▸ Source data
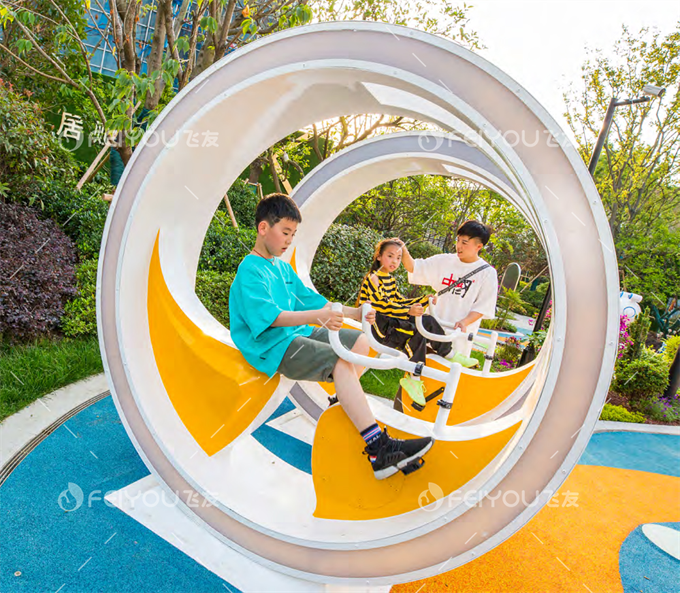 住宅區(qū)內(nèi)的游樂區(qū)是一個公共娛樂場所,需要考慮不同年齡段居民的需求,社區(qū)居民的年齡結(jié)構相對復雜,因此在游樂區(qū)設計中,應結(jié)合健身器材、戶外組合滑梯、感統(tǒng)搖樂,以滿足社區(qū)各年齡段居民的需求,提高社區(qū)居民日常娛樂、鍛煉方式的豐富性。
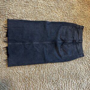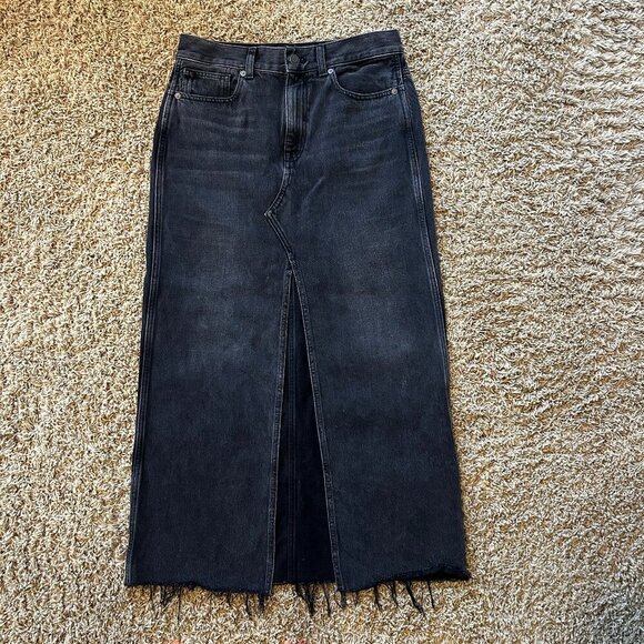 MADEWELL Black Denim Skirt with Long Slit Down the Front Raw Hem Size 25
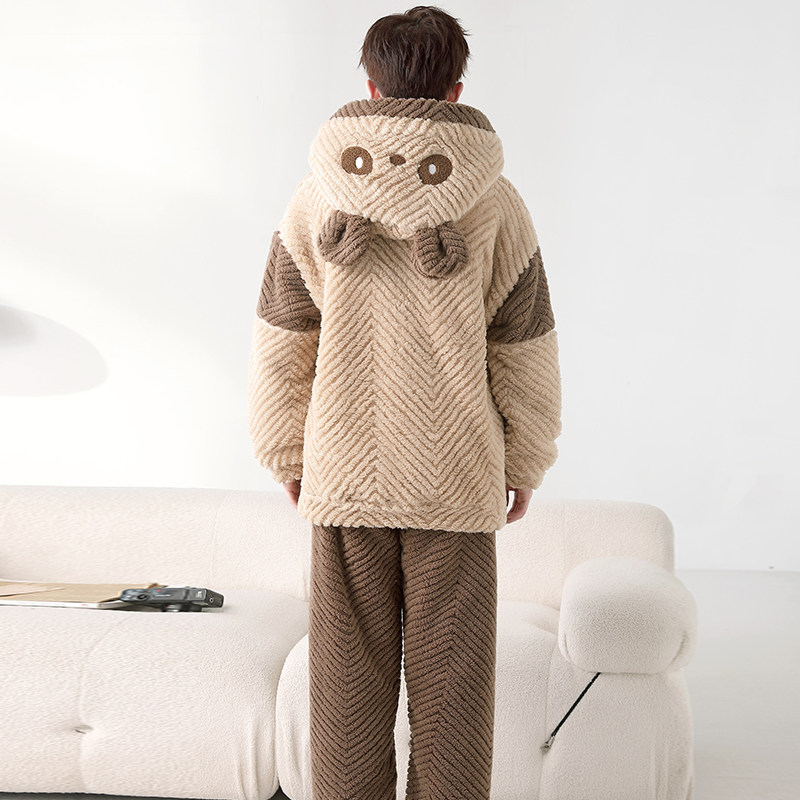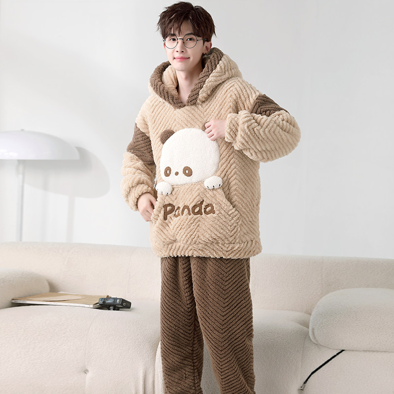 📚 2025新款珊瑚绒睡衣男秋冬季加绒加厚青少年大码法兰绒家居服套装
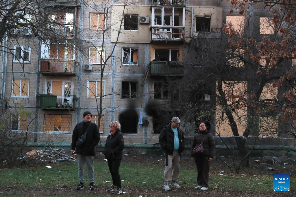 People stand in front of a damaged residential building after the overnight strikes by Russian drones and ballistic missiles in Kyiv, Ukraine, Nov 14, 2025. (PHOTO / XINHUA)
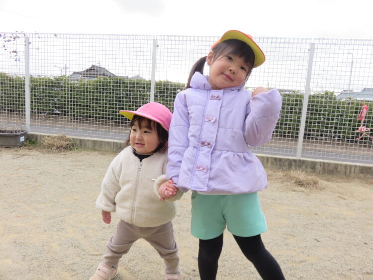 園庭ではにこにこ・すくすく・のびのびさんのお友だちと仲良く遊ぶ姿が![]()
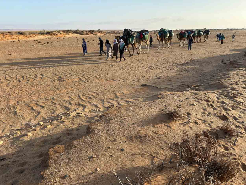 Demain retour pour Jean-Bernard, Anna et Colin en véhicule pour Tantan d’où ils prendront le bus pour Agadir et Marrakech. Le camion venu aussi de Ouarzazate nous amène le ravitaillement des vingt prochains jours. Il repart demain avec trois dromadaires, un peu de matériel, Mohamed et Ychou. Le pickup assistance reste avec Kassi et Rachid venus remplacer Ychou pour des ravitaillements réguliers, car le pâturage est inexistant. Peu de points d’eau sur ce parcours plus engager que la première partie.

▸ Your instructions
Write out the whole listing exactly. Pictures stay out.

▸ Written answer
 住宅區(qū)內(nèi)的游樂區(qū)是一個公共娛樂場所,需要考慮不同年齡段居民的需求,社區(qū)居民的年齡結(jié)構相對復雜,因此在游樂區(qū)設計中,應結(jié)合健身器材、戶外組合滑梯、感統(tǒng)搖樂,以滿足社區(qū)各年齡段居民的需求,提高社區(qū)居民日常娛樂、鍛煉方式的豐富性。
 MADEWELL Black Denim Skirt with Long Slit Down the Front Raw Hem Size 25
 📚 2025新款珊瑚绒睡衣男秋冬季加绒加厚青少年大码法兰绒家居服套装
 People stand in front of a damaged residential building after the overnight strikes by Russian drones and ballistic missiles in Kyiv, Ukraine, Nov 14, 2025. (PHOTO / XINHUA)
 園庭ではにこにこ・すくすく・のびのびさんのお友だちと仲良く遊ぶ姿が![]()
 Demain retour pour Jean-Bernard, Anna et Colin en véhicule pour Tantan d’où ils prendront le bus pour Agadir et Marrakech. Le camion venu aussi de Ouarzazate nous amène le ravitaillement des vingt prochains jours. Il repart demain avec trois dromadaires, un peu de matériel, Mohamed et Ychou. Le pickup assistance reste avec Kassi et Rachid venus remplacer Ychou pour des ravitaillements réguliers, car le pâturage est inexistant. Peu de points d’eau sur ce parcours plus engager que la première partie.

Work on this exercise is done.